The definition of progress is forward movement and continuous improvement. We won’t solve San Francisco's housing crisis or transportation challenges by being stagnant, looking backward or shouting at history to stop happening. We need to embrace the future, embrace change and manage it with common sense solutions. We all want an efficiently-managed city, buses that run on time, clean parks, places for dogs to run and kids to play soccer, schools we can walk to and more places to live whether we are renters or aspiring homeowners. Getting this done will take innovation and helping people who fear change understand how it can work for them.
The best way to fund our shared social goals is through job-creation, innovation and the entrepreneurial spirit. A robust economy will pay for the parks, roads, police and fire protection, healthcare and programs for the less fortunate that we care about. While the tech industry is an important driver of San Francisco's economy, we must realize that we cannot live on apps alone. Small business is the backbone of our city and neighborhoods. We have to make it easier for small businesses to open and operate by streamlining City Hall's many confusing and unnecessary regulations.
The tech community is an important contributor to San Francisco’s dynamic economy and culture. Tech workers are creators and artists. They are our colleagues, friends, neighbors and family members. They make San Francisco more interesting and diverse, continuing a long history of newcomers transforming the city for the better. It is important to encourage and facilitate tech workers to engage in political discourse. All of San Francisco can benefit by embracing the benefits of tech and innovation.
As a gay man, Joel arrived in San Francisco looking for a better life like many lesbian, gay, bisexual and transgender people who came before him. Joel met his husband in San Francisco when they didn't think they would ever be allowed to get legally married. For Joel and Lionel, it was a triumph to officially walk down the aisle. But in many parts of the world marriage equality still does not exist for same-sex couples.

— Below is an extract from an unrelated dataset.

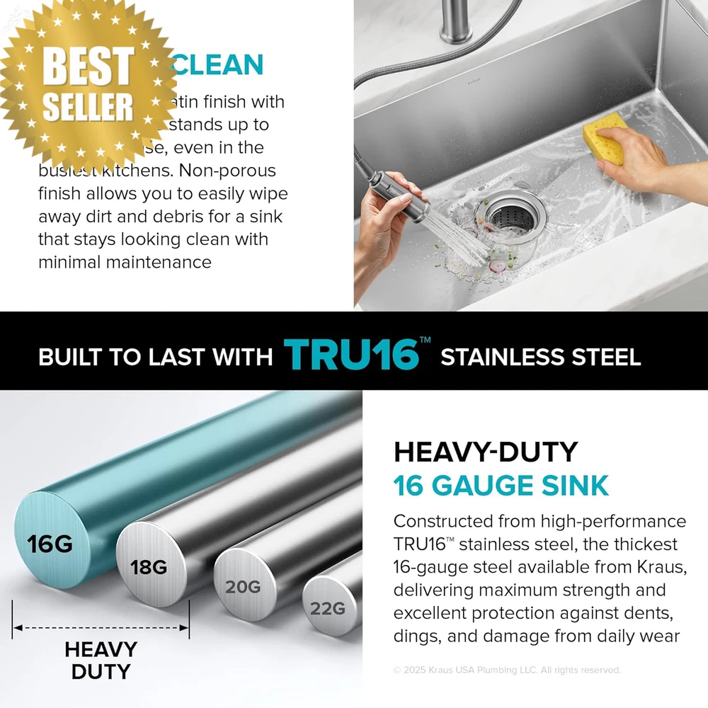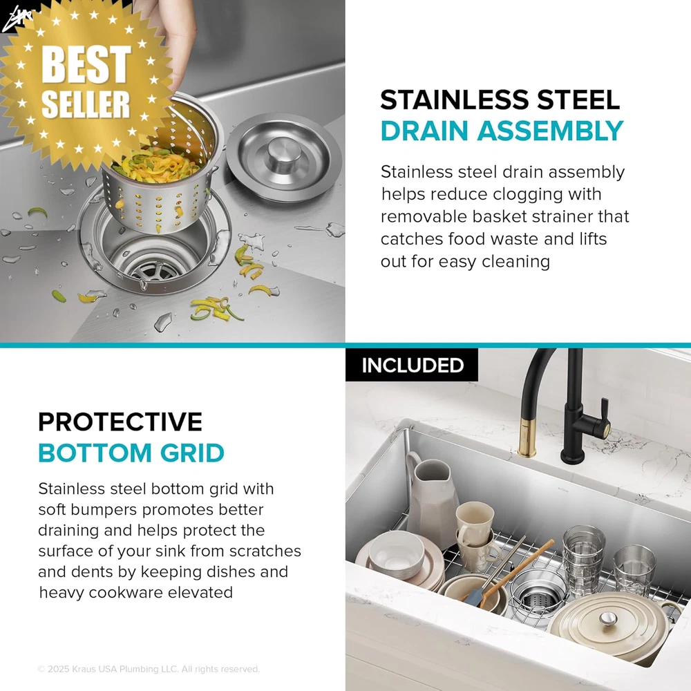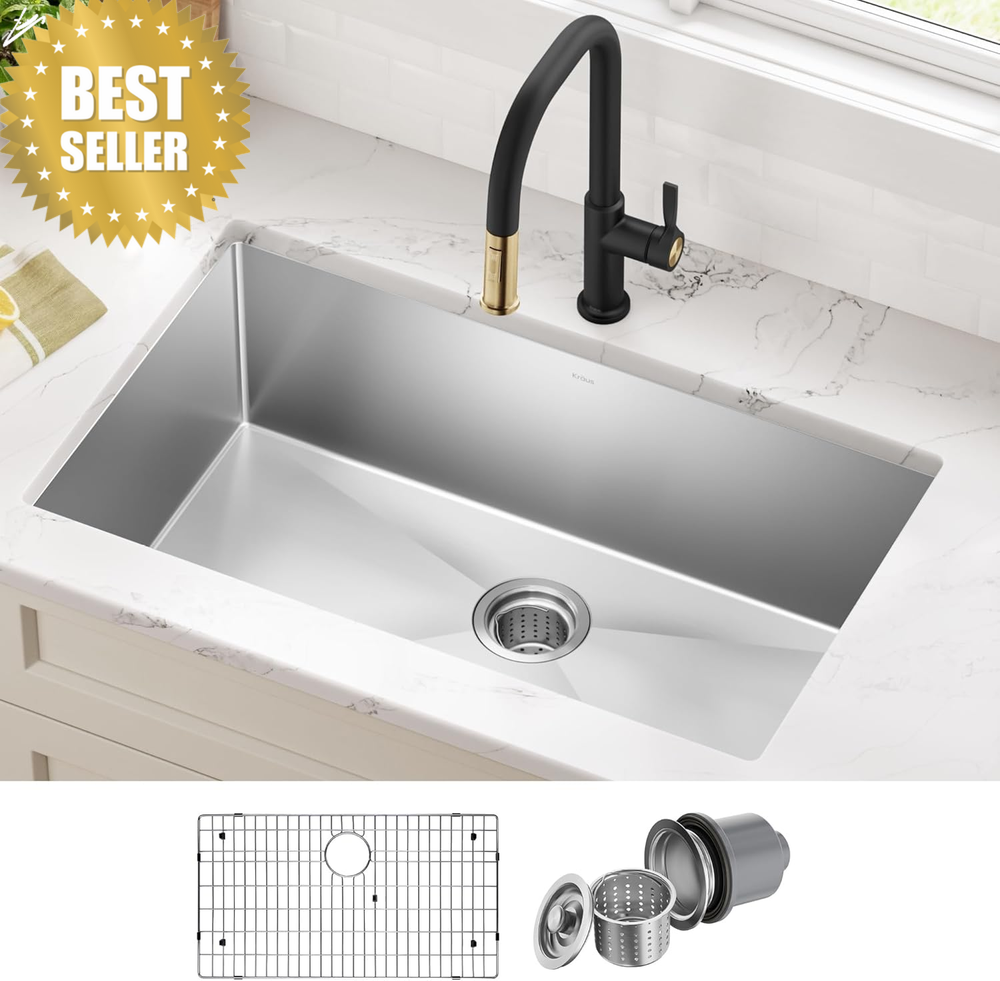 Fa lconbay_US 32in Undermount Kitchen Sink 16 Gauge Stainless Steel Single Bowl KHU100-32 FEATURES π§Ό KHU100-32 Standart PRO 32-Inch Undermount Stainless Steel Kitchen Sink β 16-Gauge Single Bowl | Heavy-Duty TRU16 T-304 Steel + Complete Installation Kit πͺΆ Product Description Bring durability and modern simplicity to your kitchen with the Standart PRO 32-Inch Undermount Single Bowl Sink , crafted from tough TRU16 16-gauge T-304 stainless steel for superior strength and everyday resilience. With a universal fit and gently rounded corners, this sink makes cleanup effortless and resists buildup from grime or food π½οΈπ§ Engineered for long-term performance, its satin finish resists scratches and corrosion while maintaining a sleek, commercial-grade appearance. The deep bowl, sloped bottom, and channel grooves promote fast drainage, and undermount installation gives your counters a seamless, debris-free edge. π Specifications β’ External Dimensions : 32" L Γ 19" W Γ 10 1/2" D β’ Bowl Dimensions : 30" L Γ 17" W Γ 10" D β’ Minimum Cabinet Size : 36" β’ Material : TRU16 T-304 Stainless Steel (16-Gauge) β’ Finish : Satin (Scratch-Resistant, Commercial Grade) β’ Installation Type : Undermount β’ Certifications : UPC, CUPC, CSA, IAPMO, ANSI, SCC π§ Key Features β Heavy-Duty 16-Gauge Steel β Built with TRU16 T-304 stainless for unmatched durability β Undermount Design β Seamless integration with your countertop for easy wipe-clean use β Wear-Resistant Satin Finish β Tough against daily wear, stains, and rust β Tightly Rounded Corners β Prevents grime buildup and simplifies maintenance β Optimized Drainage β Sloped bottom with engineered grooves keeps water flowing β Fully Certified β Meets strict North American quality and safety standards π Why Youβll Love It βοΈ Universal style fits traditional or modern kitchens βοΈ Deep 10β bowl perfect for oversized cookware and trays βοΈ Commercial-grade satin finish adds a clean, elegant look βοΈ Reliable corrosion and dent resistance for daily use βοΈ Certified quality + backed by a limited lifetime warranty π¦ Whatβs in the Box? β’ 1 Γ KHU100-32 Stainless Steel Sink β’ 1 Γ Protective Bottom Grid β’ 1 Γ Drain Assembly with Removable Strainer β’ 1 Γ Mounting Hardware β’ 1 Γ Cutout Template β’ 1 Γ Kraus Branded Kitchen Towel π‘ Tips for Use Rinse with mild soap and water for a streak-free shine Use the included grid to protect the basin from scratching Wipe dry regularly to maintain the satin finish π¦ Fastest Shipping Guaranteed Unlike other stores that offer cheaper products but come with delivery delays of up to 30 days, we take pride in offering fast and reliable shipping. Based in the American, we guarantee that your order will be delivered within 3β8 days, with no unexpected delays (unless under rare circumstances). When you shop with us, youβre choosing speed and satisfaction. π¦π β FAQs Q1: What size cabinet is required? π A minimum 36-inch base cabinet is required for proper installation. Q2: Is the finish easy to clean and maintain? π Yes β the satin finish resists corrosion and cleans easily with a soft cloth. Q3: Does the sink come with a warranty? π Yes β it includes a limited lifetime warranty for peace of mind. Q4: Are certifications included? π Absolutely β this sink is certified by UPC, CSA, ANSI, and more. Q5: Is everything I need included in the box? π Yes β it includes mounting hardware, grid, drain assembly, towel, and a cutout template. Style Single Bowl Material Type Stainless Steel Item Type Name 16 Gauge Undermount Single Bowl Stainless Steel Kitchen Sink Finish Types Stainless Steel Unit Count 1.0 Count Product Dimensions 19"D x 32"W x 10"H Material Stainless Steel Manufacturer Part Number KHU100-32 Model Number KHU100-32 Installation Type Undermount Drain Type Grid Manufacturer Warranty Description Limited Lifetime Item Weight 26.4 Pounds Color Stainless Steel Item Dimensions D x W x H 19"D x 32"W x 10"H Global Trade Identification Number 00812679018930 Shape Rectangular Included Components 1 Product Care Instructions Wipe with Dry Cloth Size 32 Inch 32.0 "h x 19.0 "h x 10.0 "h. Weight: 26.4 lb PAYMENT We accept all payments via Ebay using Credit Cards , Affrim, PAYPAL , Apple Pay and many others SHIPPING We are always working hard to ensure your package arrives as soon as possible. Please understand that some factors like weather, high postal traffic, and the performance of shipping companies are outside of our control. DELIVERY & RETURN POLICY We offer a 30-Day Return Policy on items in which you are not completely satisfied with. You have the option of a full-refund.

Even in the United States, LGBTQ people do not have federal protections against employment or housing discrimination. There is still more work ahead to ensure that all LGBTQ people can live fully and equally.

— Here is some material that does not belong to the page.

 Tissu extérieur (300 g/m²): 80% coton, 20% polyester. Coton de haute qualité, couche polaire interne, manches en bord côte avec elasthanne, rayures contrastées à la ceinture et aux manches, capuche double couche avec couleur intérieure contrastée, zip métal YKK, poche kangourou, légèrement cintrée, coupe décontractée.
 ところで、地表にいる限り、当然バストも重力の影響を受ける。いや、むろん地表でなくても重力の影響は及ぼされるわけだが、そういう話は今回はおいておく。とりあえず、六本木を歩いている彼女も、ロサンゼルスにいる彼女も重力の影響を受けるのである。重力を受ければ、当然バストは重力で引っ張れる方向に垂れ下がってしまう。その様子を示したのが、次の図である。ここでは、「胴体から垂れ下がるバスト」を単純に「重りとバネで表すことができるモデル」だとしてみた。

Joel’s political philosophy is individual liberty and government accountability. Joel served as a member of San Francisco's Democratic County Central Committee, representing the westside. He currently serves on the board of directors of the United Democratic Club and the Alice B. Toklas LGBT Democratic Club in San Francisco. Joel is guided by the following principles: (1) Encourage innovation, not status quo. (2) Follow common sense, not sacred cows. (3) Negotiate practical solutions with empathy. (4) Protect personal freedoms. (5) Practice fiscal responsibility. (6) Spend public funds only on what works. (7) Measure for results and accountability. (8) Fund social goals with economic growth. (9) Promote community service and charity. (10) Value and invest in education for all.